Mice were anesthetized (500 μl intraperitoneal injection: ketamine [125 mg/kg] and xylazine [12.5 mg/kg] in normal saline [NS]), and the dorsal fur was removed with a clipper. A 30% total body surface area (TBSA) dorsal burn was induced by immersion in 90°C water for 8 s, using a polystyrene foam template, as described in reference 22, with some modifications. For spinal protection, a dorsal subcutaneous injection of 500 μl NS was administered prior to burn induction. For fluid resuscitation, 500 μl NS was injected intraperitoneally.

Bacteria were grown in LB broth or LB agar plates.

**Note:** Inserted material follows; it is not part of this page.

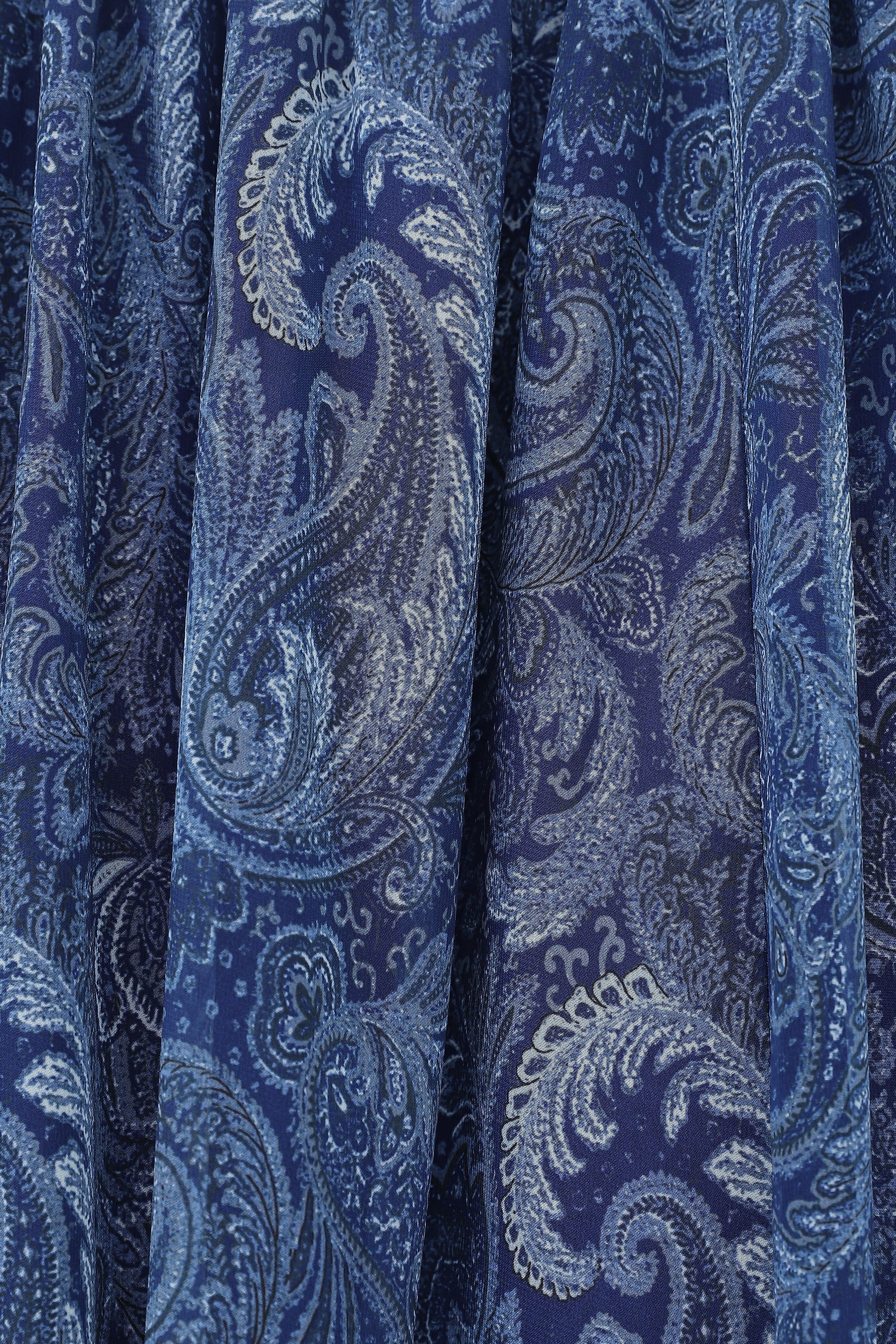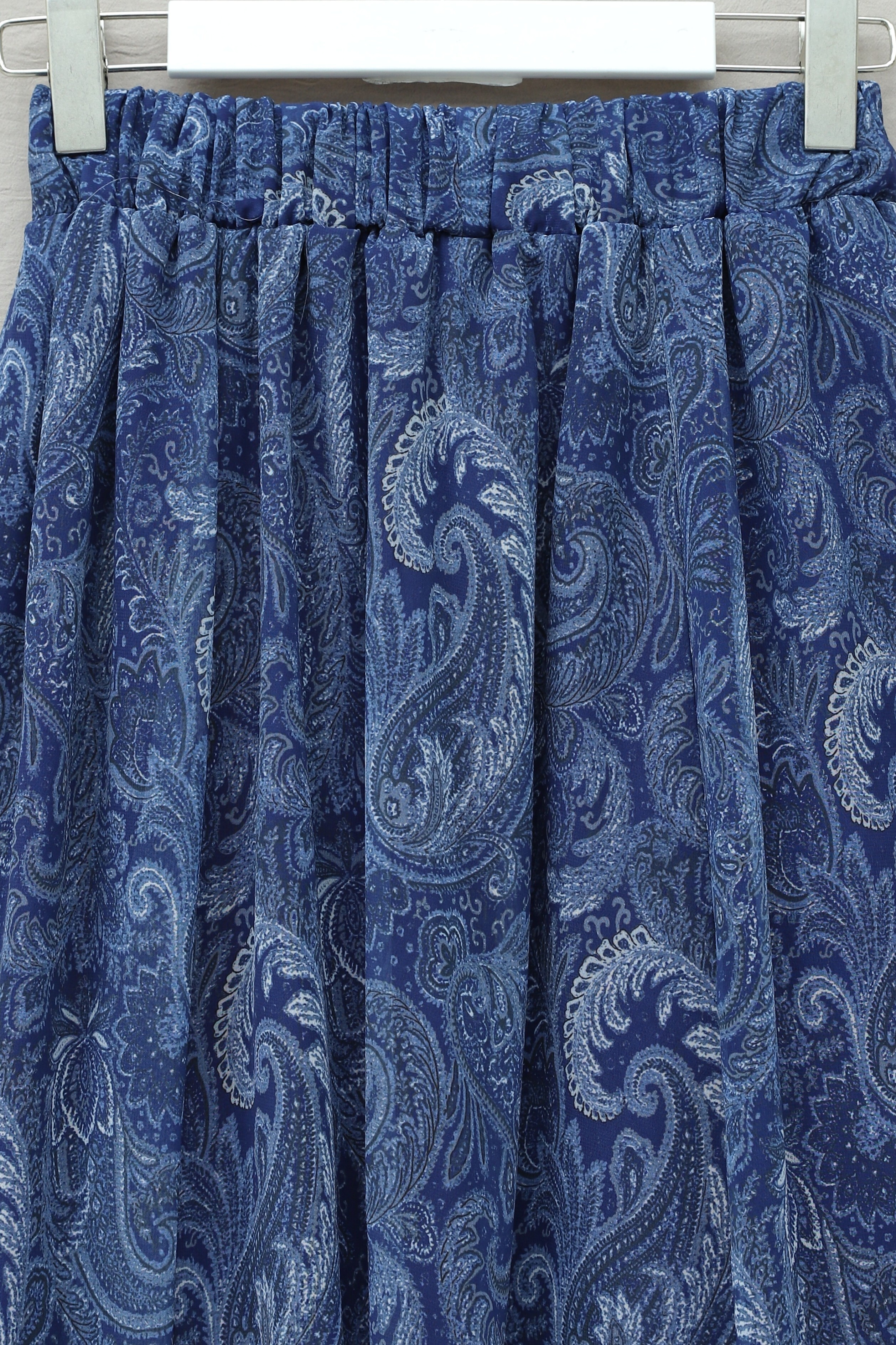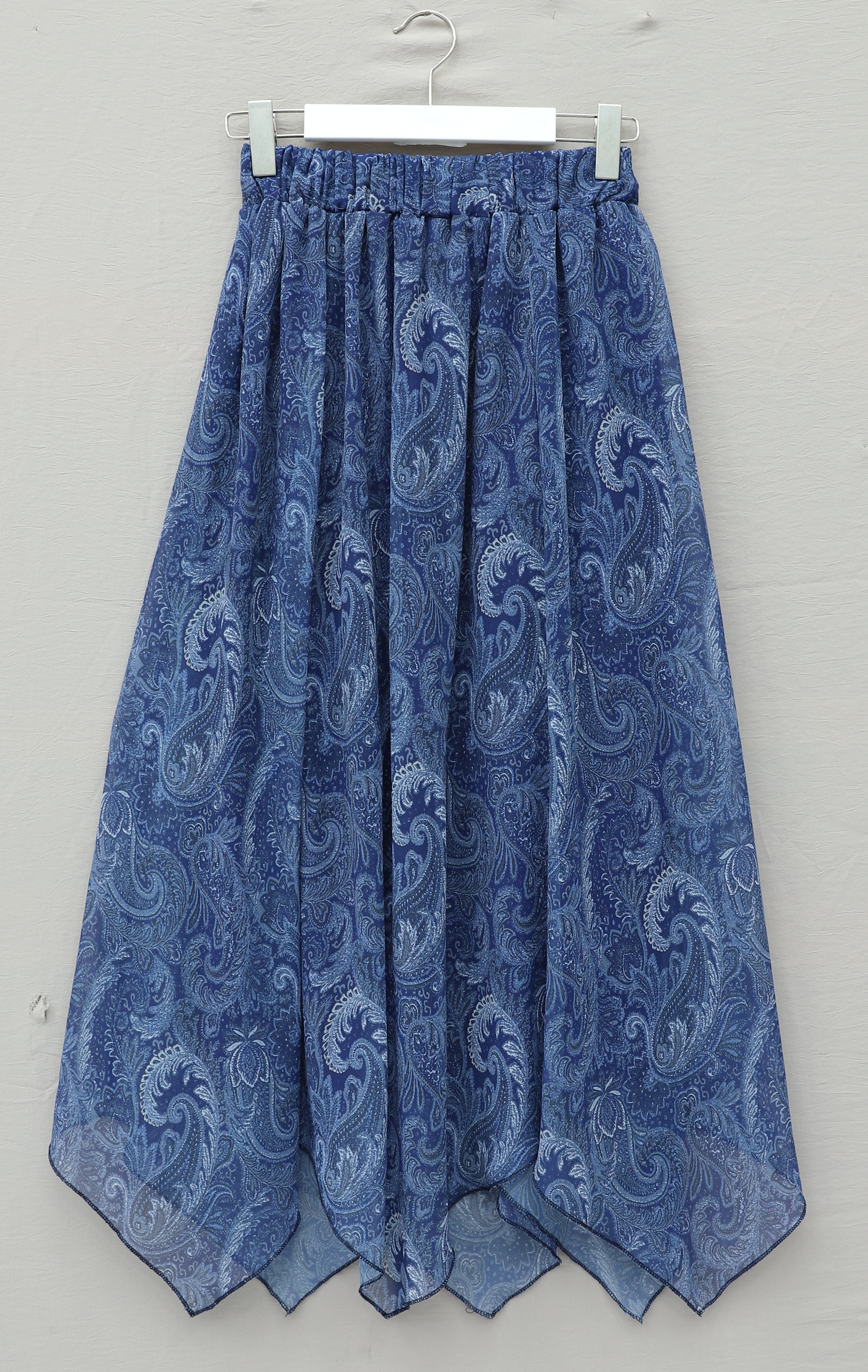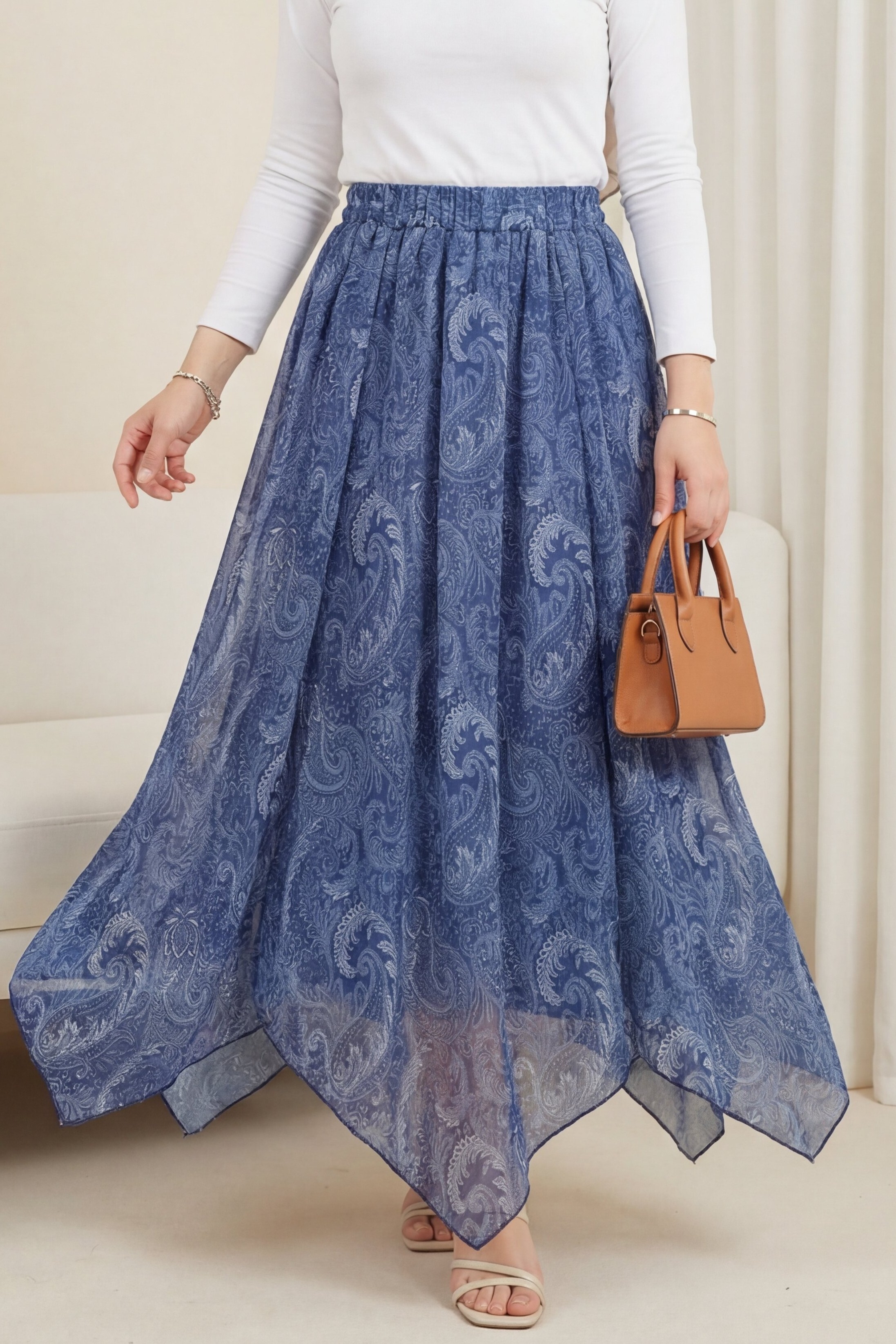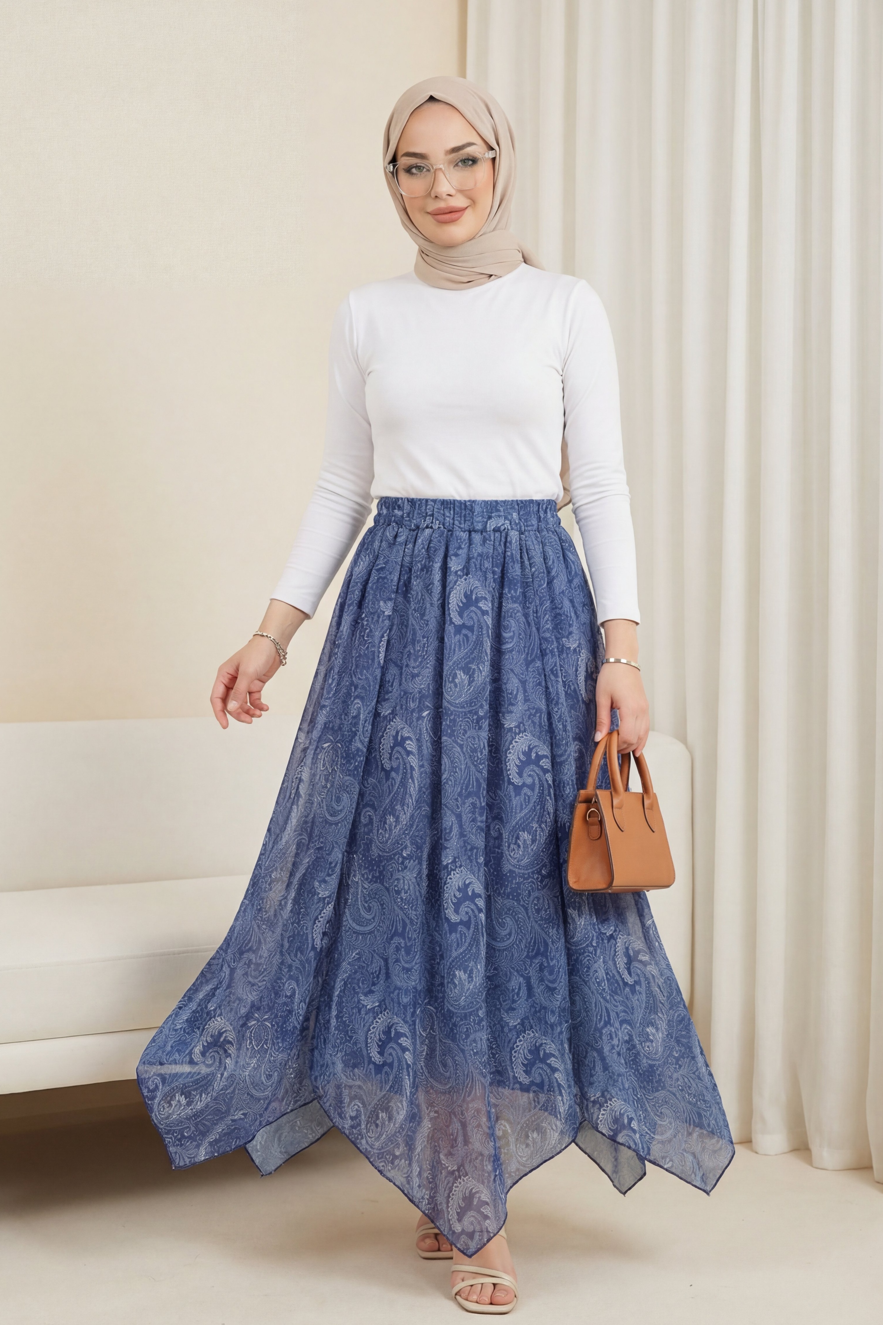 Etnik Desen Beli Lastikli Astarlı Ucu Asimetrik Kesim Şifon Etek -İndigo

One hundred microliters of 10 mM MgSO4 containing approximately 3 × 105 CFU of PA14 was intradermally injected at the burn eschar in the burn-plus-infection (BI) group. Mice in the no-infection group received 100 μl of 10 mM MgSO4. For the preparation of every 1,000 μl of the 5% DMSO–40% PEG400 combination, 550 μl of distilled water, 50 μl of DMSO (Sigma-Aldrich; lot number SHBF7360V; catalog number D818-50mL; nonexpiring) and 400 μl of PEG400 (EMD Millipore Corporation; lot number S7263585626; catalog number 074851000; nonexpiring) were mixed in a sterile tube. One hundred microliter of 5% DMSO–40% PEG400 was administered subcutaneously at 1, 3, 5, 7, 11, 15, and 19 h post-BI. (Given the fact that the 5% DMSO–40% PEG400 combination was initially used as the solvent for our novel anti-Pseudomonas compounds that we wanted to test for their in vivo efficacy in our burn-infection model, the aforementioned dosing schedule was based on the pharmacokinetic properties of our antivirulent compounds.) Every group consisted of 5 mice. Experiments were repeated twice.

Administration of DMSO-PEG in vivo protects the host intestinal barrier function following P. aeruginosa burn site infection.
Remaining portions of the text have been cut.